Dashboards become wallpaper. Requested enthusiastically, ignored after launch. Metrics displayed because they exist, not because anyone uses them. You've seen it happen. The question is: what does a dashboard that people actually look at every day look like?
The Problem with Most Dashboards
The typical dashboard project starts with enthusiasm. Someone requests "a dashboard to see everything." Requirements get gathered. Every department adds their metrics. The result is a screen crammed with numbers, charts, and widgets. It launches to fanfare, gets looked at for a week, then becomes expensive wallpaper.
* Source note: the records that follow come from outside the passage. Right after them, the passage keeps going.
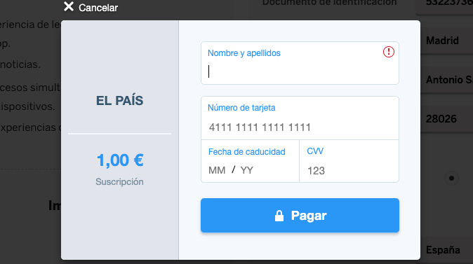 Por último, una vez superados todos estos obstáculos, pequeños para alguien con muchísimo interés en suscribirse pero demasiados para el usuario medio, llegamos al modal que nos solicita la información de la tarjeta. No hay opciones de pago en un clic como paypal o similares y nos vuelve a pedir datos que ya hemos proporcionado (nombre y apellidos), algo que hay que tratar de evitar (y sí, se puede):
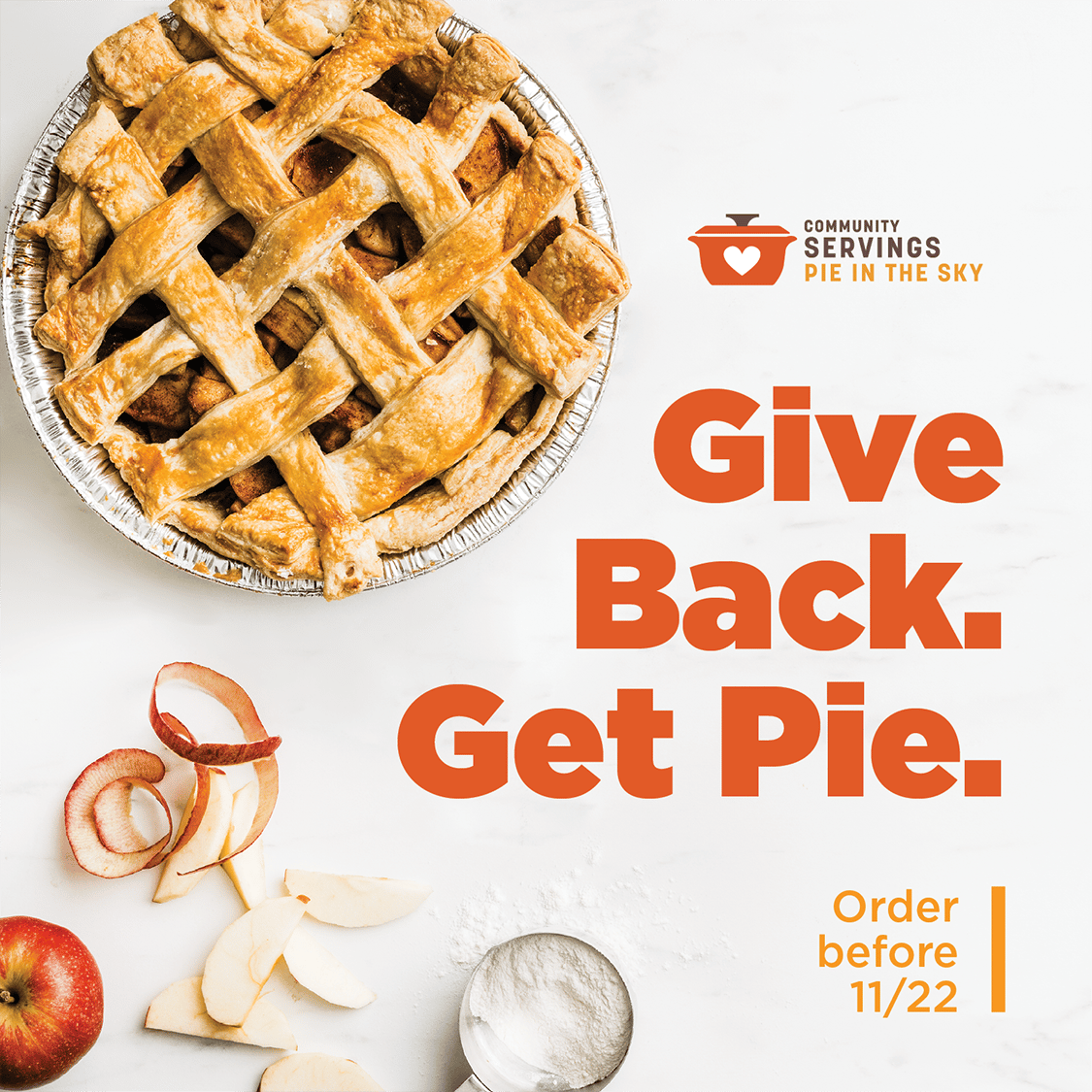 For every pie purchased — apple 🍎, pecan 🥜, or pumpkin 🎃 — Community Servings provides a full week of meals for a neighbor in need.
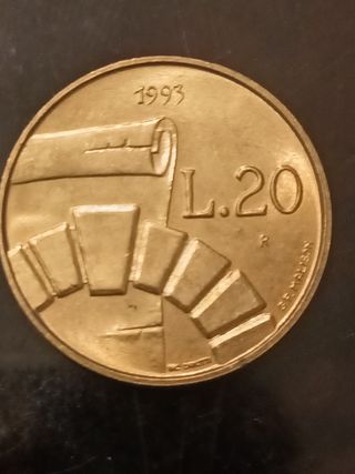 Moneta da 20 Lire del 1993. - Dritto: Ritratto di una donna con corona di alloro. - Rovescio: Ruota dentata con un fascio di spighe. - Anno: 1993. - Valore: 20 Lire.

This pattern repeats because dashboards are built backwards. Teams start with "what data do we have?" instead of "what decisions do we need to make?" They measure what's easy to measure, not what matters. They build for "the business" instead of specific people with specific questions. The same thinking that leads to effective data visualisation applies here: start with what you need to understand, not what data you have available.
The core problem: Most dashboards are data displays, not decision tools. They show metrics without context, numbers without meaning, information without insight. The dashboard becomes a reporting obligation, not a working tool.
The failure modes are predictable. Too many metrics competing for attention. Charts that require study to interpret. Numbers without comparison or context. Metrics chosen because they were available, not because they drive action. The dashboard tries to be everything to everyone and ends up useful to no one.
How We Approach Dashboard Design
We start every dashboard project with one question: What decision does this help someone make?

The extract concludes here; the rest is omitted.